IMB President Paul Chitwood (left) and NAMB President Kevin Ezell give a report to messengers on Send Relief, Southern Baptists' compassion ministry. Photo by Roy Burroughs


ORLANDO — More than 60,000 people were mobilized through Send Relief last year, helping meet needs for more than 2.5 million people and creating more than 816,000 Gospel conversations through local churches around the world.

During the Send Relief presentation at the 2026 SBC Annual Meeting, International Mission Board President Paul Chitwood and North American Mission Board President Kevin Ezell highlighted stories behind those numbers, emphasizing that lasting compassion ministry happens through local churches serving their communities before, during and after times of crisis.

“Behind every number is a name,” Chitwood said. “And behind every story is a church that not only invested in an effort but stayed for the long haul.”

The leaders pointed to examples from Puerto Rico, Peru, Nigeria, Cuba and Jamaica as evidence of how Southern Baptists are meeting physical needs while creating opportunities to share the hope of the Gospel through ongoing ministry relationships.

“That’s what we want you to hear today,” Chitwood said. “Not what we did but what you did through the Church Christ is building.”

Mission trips create lasting impact

Ezell encouraged pastors and churches to consider mission opportunities through Send Relief Ministry Centers across North America and with Send Relief missionaries around the world.
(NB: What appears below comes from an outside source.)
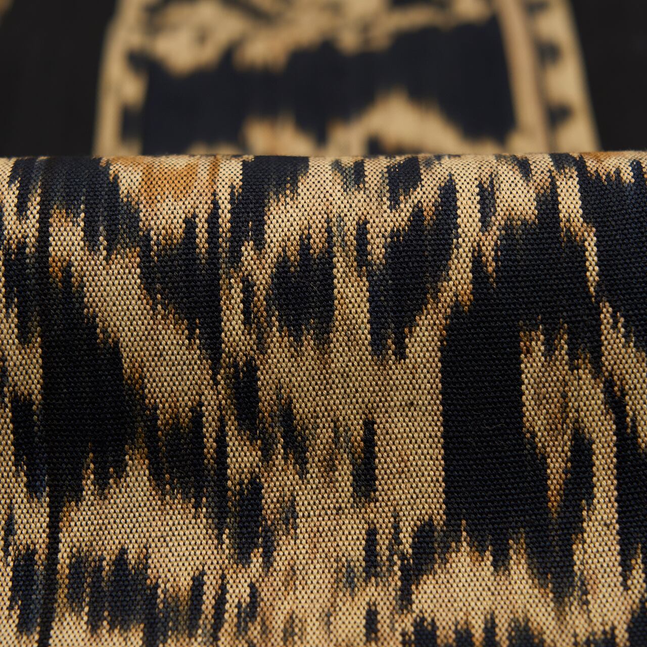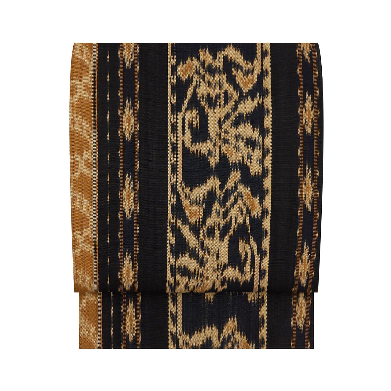 ほとんど黒に近い濃い茶色のざっくりとした木綿の生地に、琥珀色や練色の糸で縞が織り出され、中心の太い幅のところには抽象的な草花か静物のような模様が絣で織り出された、イカットならではの特徴的な模様の素敵な九寸名古屋帯です。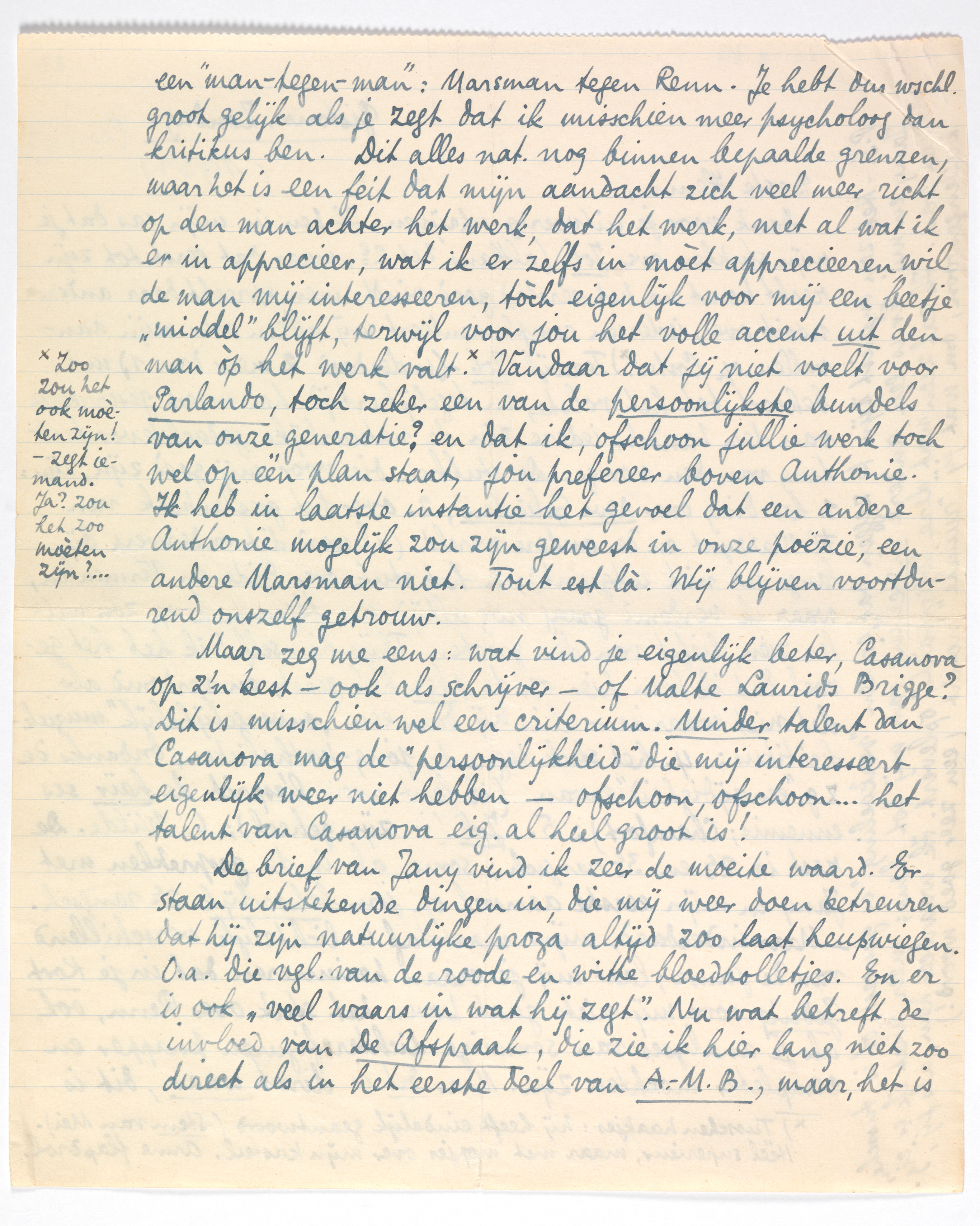 Dank voor je uitvoerig schrijven.1806 Ik ben in mijn sas dat je mijn stukken over Job (althans het 2e, maar dat eerst tot zijn recht komt na het eerste) goed vindt; men spreekt daar anders nooit over, iedereen complimenteert mij alleen over mijn aanvallen op Coster.* Terwijl Job - (inderdaad 2 meer dan 1) m.i. behoort tot het volste, en tegelijkertijd het meest geserreerde van den bundel; iedere zin de natuurlijke gedachtevoortzetting van den vorige. De stukken die voor mij goed zijn, zijn: 1. het ding over Nwe Geluiden; 2. over het geestenboek van Fl. Marryat en de andere wereld (al werd dit onderwerp bij lange na niet uitgeput); 3. het stuk over Gide en Vermeulen, waar ik verdomd graag nog altijd een tégenstuk op zou willen zien, liefst van den grooten Thijs himself! ik heb het gevoel dat ik hem hier op de plee heb gezet, en verdomd als het niet waar is - al is hij dan een ‘onvergelijkelijk’ muziekkritikus; 4. het stuk tegen de jong-katholieken, ondanks de z.g. ‘eenzijdigheid’ ervan (il faut avoir l'esprit de haïr ses ennemis1807; Chamfort); 5. Job (in zijn geheel); 6. Wilde. De rest is 2e en 3e rangsch; soms, als in de gesprekken met Jany en mijn eerste aanval op jou, behoorlijk 2e rangsch. - Maar inderdaad, mijn maatstaf is lichtelijk verschillend van de jouwe; laat mij je eraan herinneren dat in je Kort Geding voor mij niets gaat boven het stuk over Renn, ook als je analyses van sommige dichterfiguren knapper en completer mochten zijn. Maar dit is direct waar, dit is een ‘man-tegen-man’: Marsman tegen Renn. Je hebt dus wschl. groot gelijk als je zegt dat ik misschien meer psycholoog dan kritikus ben. Dit alles nat. nog binnen bepaalde grenzen, maar het is een feit dat mijn aandacht zich veel meer richt op den man achter het werk, dat het werk, met al wat ik er in apprecieer, wat ik er zelfs in moèt apprecieeren wil de man mij interesseeren, tòch eigenlijk voor mij een beetje ‘middel’ blijft, terwijl voor jou het volle accent uit den man òp het werk valt.* Vandaar dat jij niet voelt voor Parlando, toch zeker een van de persoonlijkste bundels van onze generatie? en dat ik, ofschoon jullie werk toch wel op één plan staat, jou prefereer boven Anthonie. Ik heb in laatste instantie het gevoel dat een andere Anthonie mogelijk zou zijn geweest in onze poëzie, een andere Marsman niet. Tout est là. Wij blijven voortdurend onszelf getrouw.

“We have Ministry Centers all across North America,” Ezell said. “From Appalachia to Boston, to the Pine Ridge Reservation in South Dakota, to Las Vegas, to Puerto Rico.”

One example came from Puerto Rico, where a team from Graffiti 2 Baptist Church in New York spent a week serving through the Send Relief Ministry Center there. The team helped complete a home for Joselyn, a young single mother and her toddler son, after more than a year of work by multiple church teams.

By the end of the week, Joselyn had a safe place to live, and two volunteers on the trip professed faith in Christ.

“That’s a Send Relief mission trip,” Ezell said. “Eleven people. One week. One home. Two souls.”

Serve Tour mobilizes churches for global ministry

The presentation also highlighted Send Relief’s Serve Tour ministry.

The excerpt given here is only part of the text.